Many commercial insurance policies offer business income and extra expense coverage (business interruption), and business owners have already begun filing claims due to losses they have experienced as a result of shutdown orders. However, many commercial policies have specific exclusions, such as losses from a virus or bacteria, government intervention, etc.  Each and every business will need to review their specific coverage language.

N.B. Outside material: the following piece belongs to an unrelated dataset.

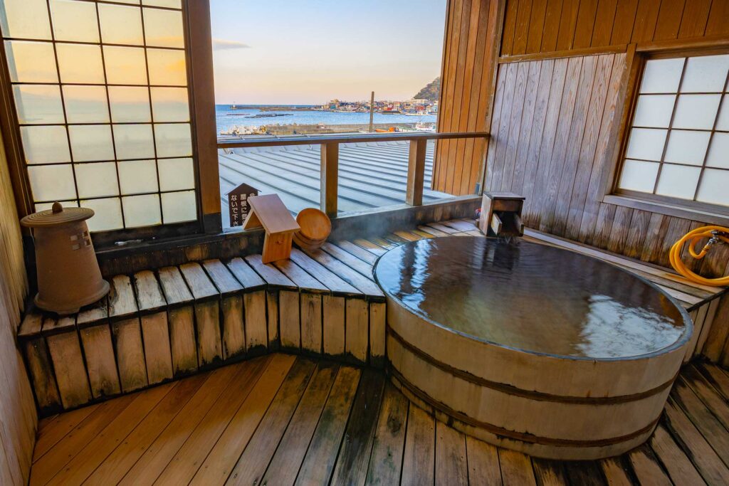 露天風呂付きのお部屋はすべてオーシャンビューとなっており、源泉掛け流しの温泉に入りながら相模湾や熱海の夜景がお楽しみいただけます。
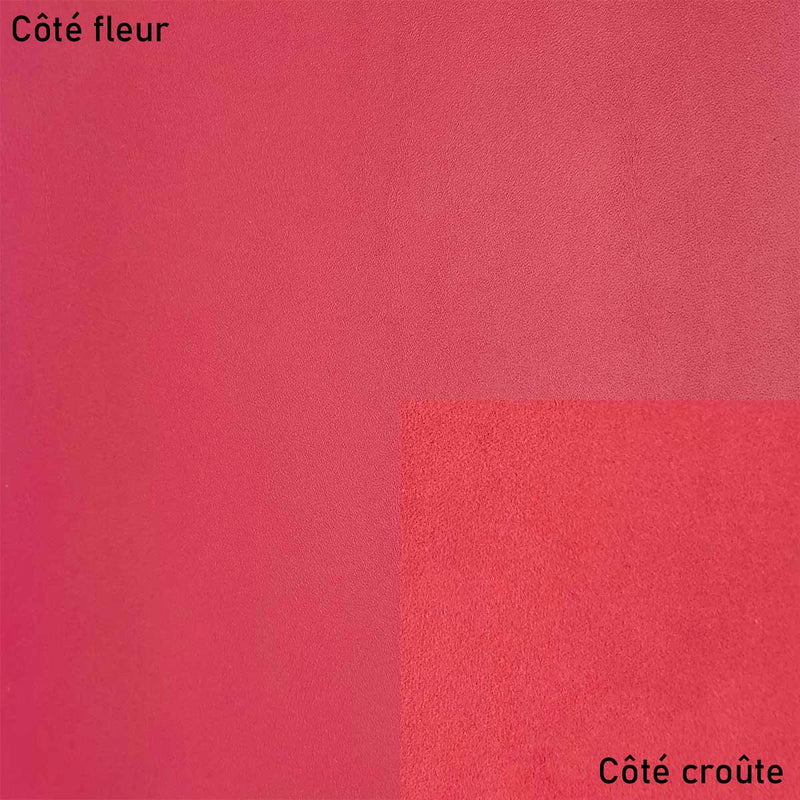 Découvrez la beauté naturelle du cuir rose framboise : souple, lisse et prêt à être travaillé pour donner vie à vos idées.

Given the nature of these unprecedented times, the ultimate resolution of those claims is challenging to predict.  Insurance companies and corporate advocacy groups each have taken positions as to whether insurance policies should cover claims for losses arising from COVID-19 and the related economic upheaval.  Indeed, there are actions being considered by state legislatures (as of this publication five states – Pennsylvania, Ohio, New Jersey, New York and Massachusetts) to force insurers that provide business interruption coverage to pay out claims related to the COVID-19 pandemic.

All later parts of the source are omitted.